Should college athletes get paid?

By Elad De Piccioto
 Adam Bettcher / Stringer
CBS will pay over a-billion-dollars-a-year for broadcasting the NCAA` March Madness tournament up until 2023, and not much of that arrives at the hands of the broadcast’s stars themselves (at least not directly).  There is an ongoing gashing conversation about whether college athletes should be paid or not. The question arises primarily regarding football and basketball student-athletes, since they bring in most of the money. Here are three arguments for and three arguments against it:


Three Reasons why they should get paid:

The difficulty to implement is no excuse
An important argument coming from those who oppose paying college athletes is the expected difficulty to implement such a far reaching move. Questions like who will pay for students (NCAA or colleges), how often will they get pay, and will there be a salary cap, are just part of the difficulties expected. The main question regards the equitable application of paying college athletes, namely who will get paid, and who wouldn’t.
Since the debate was sparked over the NCAA income from broadcasting, the answer is simple: the athletes who bring in the big money, namely, men’s basketball and football players, will get paid. Others won’t. They are the ones who provide a good time that people who are willing to pay for it, so they deserve to get paid. Baseball, soccer, lacrosse, and others, get nothing. That is capitalism, and that`s how it works in the USA. It might not be perfect, but it is better than how it is now.
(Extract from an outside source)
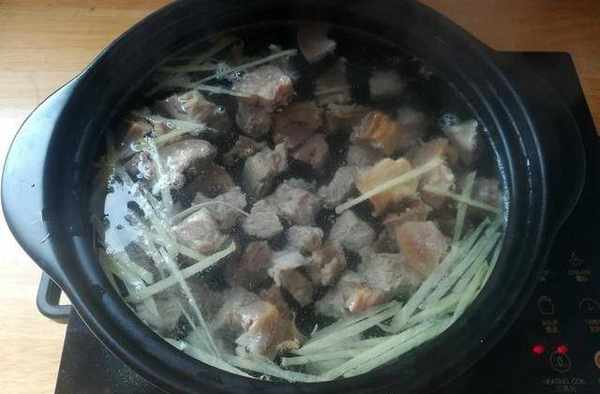 第七步:砂鍋裡重新加水,放入排骨、火腿肉和火腿骨頭,放薑絲大火煮開後轉小火熬1個小時左右。
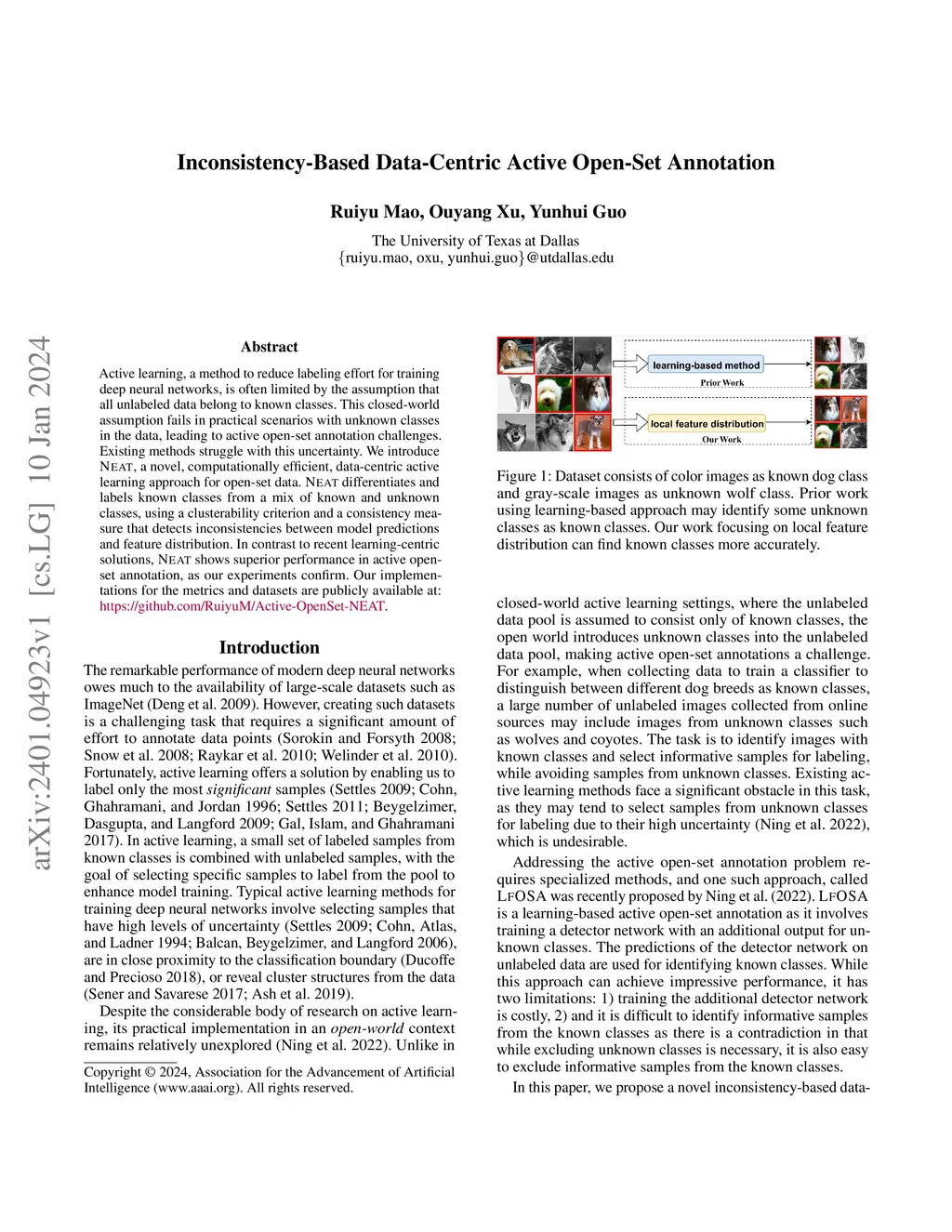 Active learning is a commonly used approach that reduces the labeling effort required to train deep neural networks. However, the effectiveness of current active learning methods is limited by their closed-world assumptions, which assume that all data in the unlabeled pool comes from a set of predefined known classes. This assumption is often not valid in practical situations, as there may be unknown classes in the unlabeled data, leading to the active open-set annotation problem. The presence of unknown classes in the data can significantly impact the performance of existing active learning methods due to the uncertainty they introduce. To address this issue, we propose a novel data-centric active learning method called NEAT that actively annotates open-set data. NEAT is designed to label known classes data from a pool of both known and unknown classes unlabeled data. It utilizes the clusterability of labels to identify the known classes from the unlabeled pool and selects informative samples from those classes based on a consistency criterion that measures inconsistencies between model predictions and local feature distribution. Unlike the recently proposed learning-centric method for the same problem, NEAT is much more computationally efficient and is a data-centric active open-set annotation method. Our experiments demonstrate that NEAT achieves significantly better performance than state-of-the-art active learning methods for active open-set annotation.

Athletes risk their body and are exposed to permanent damage

One of the favorite things about college sports is the player`s enthusiasm. Their love and passion for the game is admirable, and make college sports what it is. But there is a bad side to it; many college athletes suffer serious injuries that sometimes end their career.

Setting aside the disturbing fact that a career-ending injury will stop their scholarship, those athletes put their bodies at risk of permanent damage, without being paid. Hurting your knee might leave you limping for the rest of your life. Suffering concussions can cause dementia and depression. Those athletes put their bodies on the line each training session, each game they play. It is only right to pay them for it.


It wouldn`t take away the purity and the magic in college sports

It`s common to think paying college athletes can detract from that purity of the game, and ruin that magic. But it won`t.

College sports fire up a different excitement for the fans, there`s no doubt about that. The passion we see on the court is attributed to the fact that there is no money involved.

But there is. The cat is out of the bag. Big money is involved and now that we all know it (including some players who feel used). the magic is gone, at least to some extent. The purity of that game vanished the second the NCAA signed that agreement with CBS. If we`re really concerned about the purity of the game, we should want athletes to be paid.


Three reasons why they should not get paid


The difference for college athletes is marginal in term of money

If salaries will replace scholarships in college sports, athletes won’t earn much more. In fact, an impressive 100,000$ year salary for college athlete will grant him a few hundred dollars more per year. 

A full athletic scholarship at an NCAA Division I university is about $65,000 a year. This includes tuition, room, board, and books (if you enroll at a college with high tuition). Since it’s a salary, not a scholarship, it will be subjected to federal and state income taxes. Out of the 100,000$ a year salary, a net of $65,100 will remain for the student. The difference is marginal.


Earning big money too soon can be harmful

People argue that paying collage athletes will help them to create a sense of financial awareness. Poor investments, trusting unethical financial advisors and lavish spending habits, are some of the main reasons professional athletes are getting broke after their retirement, according to ESPN documentary, “Broke”.

As always, there is another side to that coin. Due to their youth and recklessness, college athletes will be much more prone to make bad financial decisions, like trusting an unethical financial advisor. Do you really believe light-minded college student, who will be handed a huge amount of money, will act out of financial awareness?


Paying big money for college students miss the purpose of college

College is about preparing you for the real life. It supposed to give you the tools and abilities to make it after college. In that manner, college athletes are no different than other college students, who practice in hospitals, law firms or advertising agencies. They all work hard for no money, why should athletes be different?

A lot of kids today are impatience and suffer deeply from an inability to delay gratification. College can teach them a great life lesson; in real life, you have to work hard and wait for your chance. They need to acknowledge and be thankful for this lesson. Paying big money for those youngsters would be far from being the ideal preparation for life.


Bottom line:

Paying big money for college athletes can be harmful and miss the purpose of college, especially when the difference in term of money is marginal. On the other hand, not paying athletes who risk at getting injured every game is morally wrong.  If you had the NCAA ear, would you recommend changing the current practice?